So, I should be getting my internet this week sometime (sound familiar?). I don’t know if the engineer will bother turning up this time, but I hope so.
I always knew that the internet was vital to my life, but I hadn’t realised just how much until now. The blog is a small part of it, but becoming more important. But it is things like my VoIP phone, contacting friends and family, emails, my websites, entertainment.
Pretty much everything I do involves the internet in some way. This past few weeks has been like losing an arm. Sad but true.
I am not the most social person some times, I know that. I lock myself away in my apartment quite often and only surface if invited. I enjoy watching the football and having a couple of beers. I enjoy going out and getting wrecked sometimes, but more often than not I would rather be at home.
Since splitting from Sarah, I haven’t been able to retreat to the sanctity of the apartment completely, as my online life isn’t available to me.
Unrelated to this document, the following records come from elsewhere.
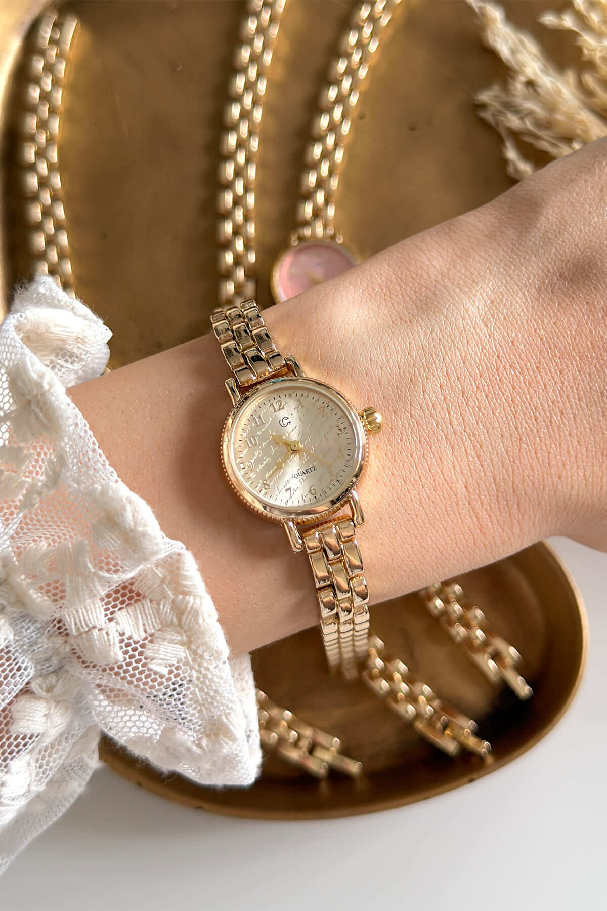Geçmişin romantik dokusunu modern bir zarafetle bileğinize taşıyın. İncecik zincir kordon yapısı ve klasik küçük kasa tasarımıyla bu seri, "less is more" (az çoktur) felsefesini benimseyen kadınlar için özel olarak hazırlandı. Hem bir saat hem de en sevdiğiniz altın bilekliğinizle yarışacak kadar zarif.
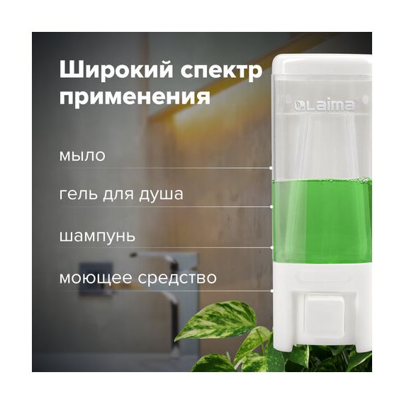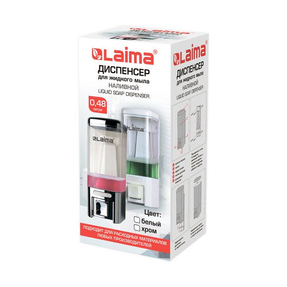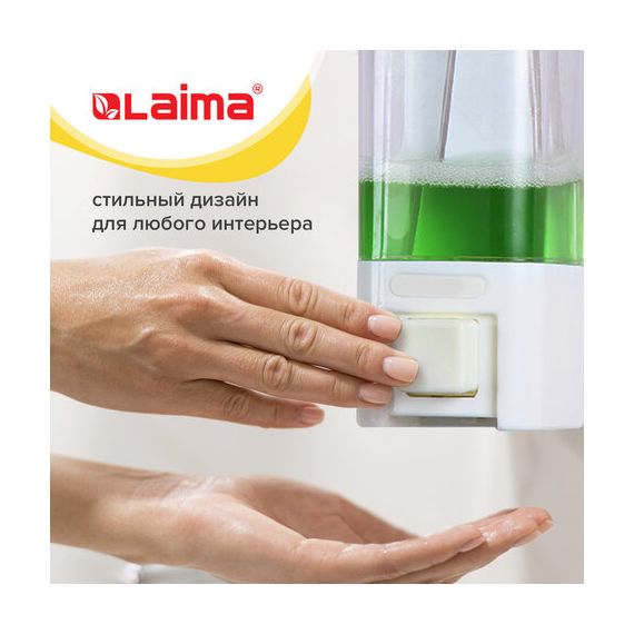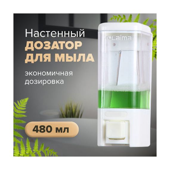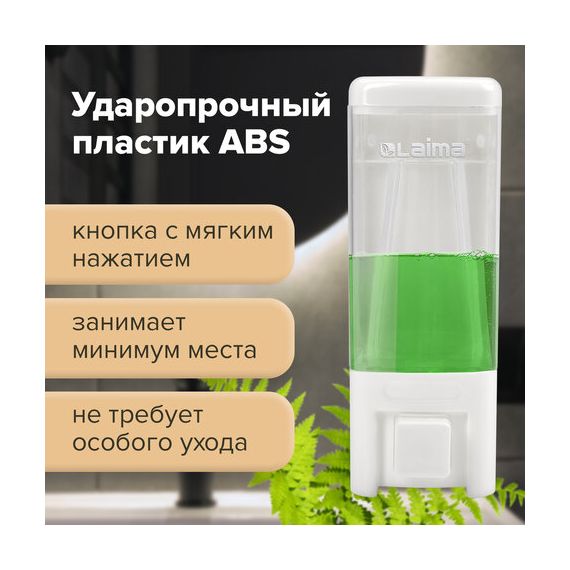 Дозатор для жидкого мыла LAIMA, НАЛИВНОЙ, 0,48 л, белый, ABS пластик, 605052
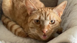 友人が家に遊びに来てくれました!おから、初めての人には人見知りします!めちゃくちゃ嫌そうな顔!!!すぐ逃げてました!!助けてくれにゃ〜とおからちゃん。
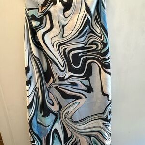 Stylish midi skirt with a swirl pattern. Features black, white, and blue colors. Perfect for a chic look.
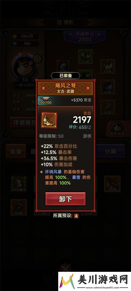 武器:飓风之弩+持鸣魔弓(最超标的弓,必带)
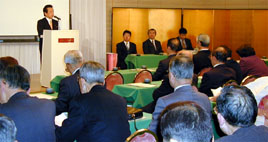 平成15年1月20日(月)に滋賀県生活衛生営業経営相談員会(藤塚会長)の新年研修会が近江八幡市の「ホテルニューオウミ」で開催され、経営相談員ら58名が出席しました。 |

I think it is causing me to become more stressed and (god forbid) more insular. I have no interest in relationships, a lack of interest in socialising and things at work are causing more stress for me than they realistically should. I am pretty sure that this is directly attributable to the fact that I don’t have my normal outlet for entertainment and relaxation.
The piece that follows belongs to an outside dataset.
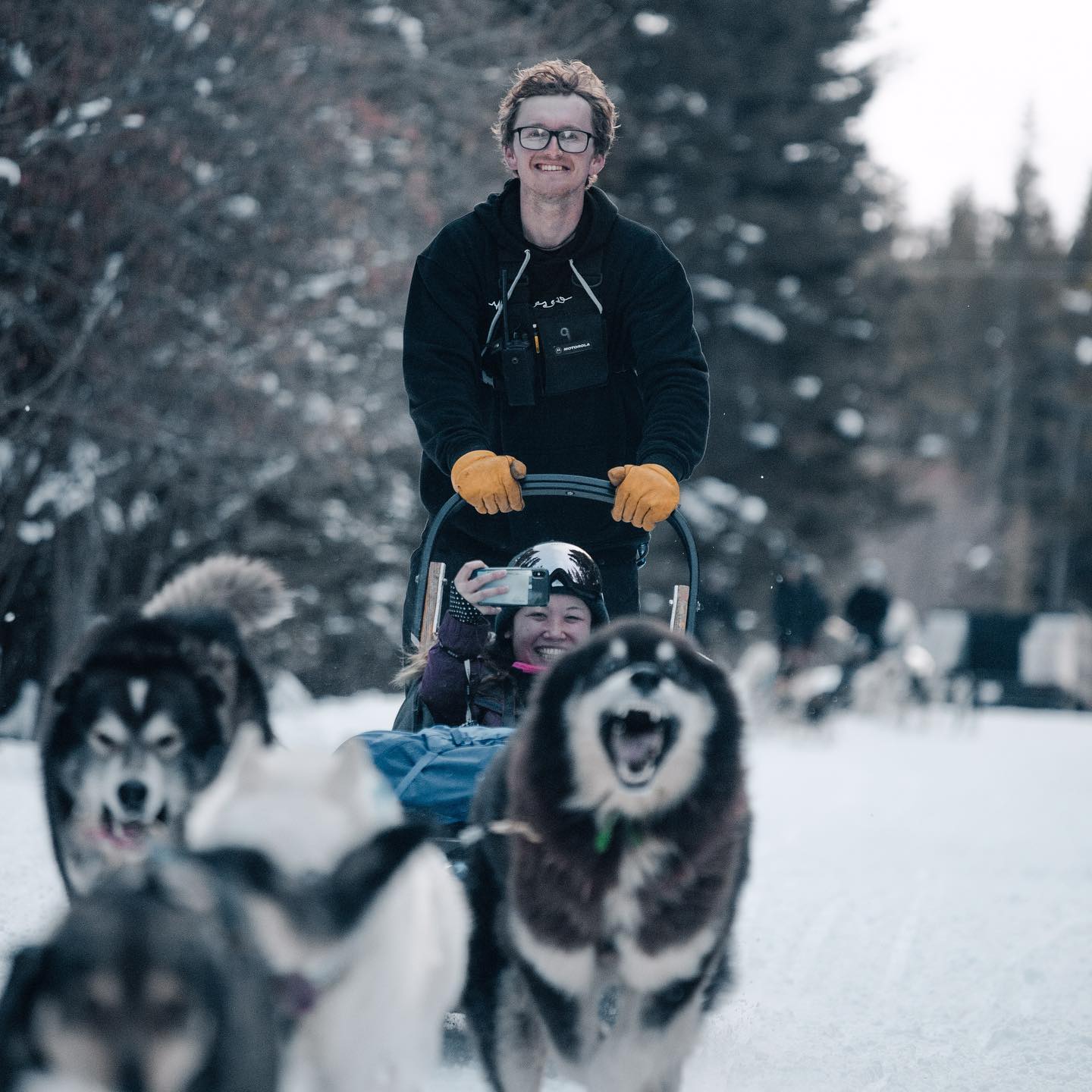 Instructor-driven sleds can be an excellent choice for visitors who may have a lot of questions and would like to learn even more about dog sledding! In addition, we understand not everyone wishes to operate a self-driven sled and would prefer to have an experienced instructor behind them.

I am rapidly running out of shows to watch that I downloaded before I left the old apartment, the money I was expecting to send to Sarah and the kids from the apartment deposit, doesn’t look like it will end up in my pocket. A number of things at work are really aggravating me to the point of distraction and if I have to use the shitty PCs at the internet cafe much more I will probably go postal.
Still, it’s not all bad. I have formed a bond with my cats !?! You see on films the crazy cat lady – I am well on my way to being crazy cat guy. I talk to them ffs, regularly, I even ask questions and am more than a little surprised when they offer nothing beyond a purr.
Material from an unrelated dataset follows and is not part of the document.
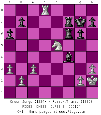 Last move : 0-1 2014 November 7 15:10:29 [Event "FICGS__CHESS__CLASS_E__000174"] [Site "FICGS"] [Date "2014.08.15"] [Round "1"] [White "Orden,Jorge"] [Black "Rezack,Thomas"] [Result "0-1"] [WhiteElo "1224"] [BlackElo "1220"] 1.e4 c5 2.Nf3 d6 3.d4 cxd4 4.Nxd4 Nf6 5.Nc3 a6 6.Be2 g6 7.O-O Bg7 8.Be3 O-O 9.f4 e5 10.fxe5 dxe5 11.Nf3 Nc6 12.Qxd8 Rxd8 13.Rfd1 Bd7 14.h3 Rac8 15.Bb6 Re8 16.a3 Be6 17.Ng5 Nd7 18.Nxe6 Nxb6 19.Nc5 Re7 20.Rd2 Nd4 21.Nb3 Nxe2+ 22.Nxe2 Rec7 23.c3 Bh6 24.Rd3 Nc4 25.Rb1 Bg5 26.Na1 Rc6 27.Nc2 Nd2 28.Rd1 Nxe4 29.Nb4 Rb6 30.Ng3 Nc5 31.Rd7 Nxd7 32.Rxd7 Re8 33.Ne4 Bc1 34.Nd6 Rf8 35.Nxf7 Rxf7 36.Rd8+ Kg7 37.Nd3 Be3+ 38.Kh2 Rbf6 39.Nxe5 Bf4+ 0-1 Sicilian : Najdorf, Opovcensky variation Kingside Castling by player White (move 7) Kingside Castling by player Black (move 8) Player Black won this chess game. Follow this game move after move (download)Half the variations which are calculated in a tournament game turn out to be completely superfluous. Unfortunately, no one knows in advance which half. (Jan Tinman) Modernes Schach erfordert enorme Anspannung. Es ist für einen normalen Menschen unmöglich das auszuhalten. (Viktor Kortschnoi) Algunos sacrificios son sólidos, los demás son míos. (Mikhail Tal) Je crois qu'il existe des manières très spécifiques de jouer efficacement contre une machine. Evidemment, nous n'avons aucune chance en technique pure, parce que l'ordinateur calcule de manière parfaite. Mais lorsque nous faisons appel à notre cerveau, en utilisant l'intuition et la compréhension, alors nous restons beaucoup plus forts. (Anatoli Karpov) He who laughs last probably does not get the joke. (Unknown)

Dammit T-Com, don’t you see what you are doing to me here?
On the plus side, the stress (self inflicted or otherwise) has allowed me to lose some weight….which is nice. I am kind of able to satiate my net needs at work and the internet cafe, but I kind of feel like the lead character of Moonlight. A vampire that survives on pre-packed blood instead of the fresh stuff. Sure, he can survive on it, but when he is out in the desert and needs to feed, it is a bit shit to miss out on the good stuff….
Where am I going with this post? I have no idea…and neither will anyone reading this. I can’t even dredge any humour out of the situation at the moment.
Sorry internet, I am sure I will be ecstatic and mildly humourous when you return to me….hopefully this week.